Пока я еще не решил, нравится ли ей этот молодой человек, я был очень зол на Пиклсона, и можно сказать, ему повезло, что он уже получил свое наследство. Потому что я частенько думал: «Если бы не этот слабоумный великан, не пришлось бы мне ломать голову и мучиться из-за какого-то молодого человека». Но как только я понял, что она его любит, как только я увидел, что она из-за него плачет, все сразу стало по-другому. Я тут же мысленно примирился с Пиклсоном и, стиснув зубы, заставил себя поступить как должно.
К этому времени она уже ушла от молодого человека (на то, чтобы хорошенько стиснуть зубы, мне понадобилось минуты две-три), а он, закрыв лицо руками, прислонился к другой елке (их там был целый лесок). Я потрогал его за плечо. Он обернулся и, увидев меня, сказал нашими знаками:
— Не сердитесь.
— Я не сержусь, дружок. Я тебе помогу. Пойдем со мной.
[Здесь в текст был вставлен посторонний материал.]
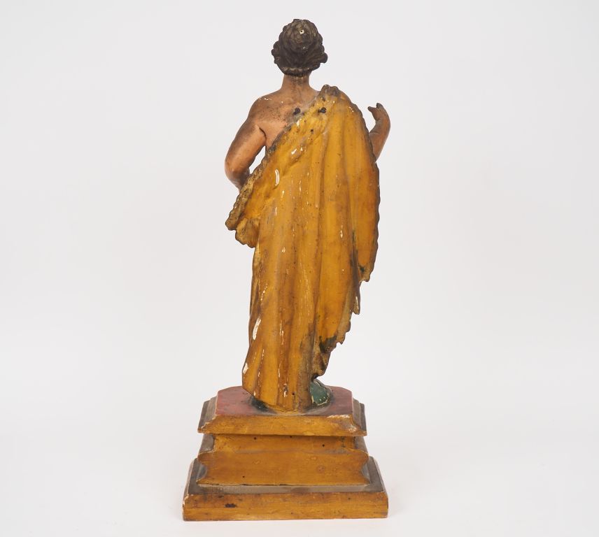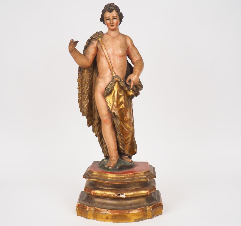 Ecole française fin XVIIIème - début XIXème. "Saint Jean-Baptiste" Sculpture en bois polychrome et doré, les yeux en sulfure. H : 71 cm (accidents).

Я оставил его у ступенек Библиотечного фургона и вошел туда один. Она вытирала глаза.
— Ты плакала, родная?
— Да, отец.
— Почему?
— Голова болит.
— А не сердце?
— Нет, голова, отец.
— Доктор Мериголд выпишет сейчас рецепт от головной боли.
Она взяла книжечку с моими «Рецептами» и протянула мне с вымученной улыбкой, но, заметив, что я не шучу и книги не беру, тихонько положила ее на место и внимательно посмотрела на меня.
— Рецепт не там, Софи.
— А где же?
— Здесь, родная.
Я подвел к ней ее жениха, соединил их руки и сказал: «Последний рецепт доктора Мериголда. Принимать всю жизнь». А потом ушел.
На свадьбу я в первый и в последний раз в жизни надел сюртук (сукно синее, а пуговицы так и горят) и своими собственными руками отдал Софи молодому супругу. На свадьбе присутствовали только мы трое и тот джентльмен, который заботился о ней эти два года. Я устроил в Библиотечном фургоне свадебный обед на четыре персоны. Пирог с голубями, окорок в маринаде, две курочки и всякие надлежащие овощи. Напитки самые лучшие. Я произнес тост, и племянник моего доктора произнес тост, и шутки наши всем пришлись по вкусу, и все было как нельзя лучше. За обедом я сказал Софи, что сохраню Библиотечный фургон и буду жить в нем, возвращаясь из поездок, и сберегу все ее книги в целости и сохранности, пока она не вернется. Так она и уехала в Китай со своим молодым мужем, и прощание наше было очень грустным, а потом я нашел своему мальчишке другое место, а сам, как в те годы, когда умерли моя девочка и жена, зашагал с кнутом на плече рядом со старым конягой.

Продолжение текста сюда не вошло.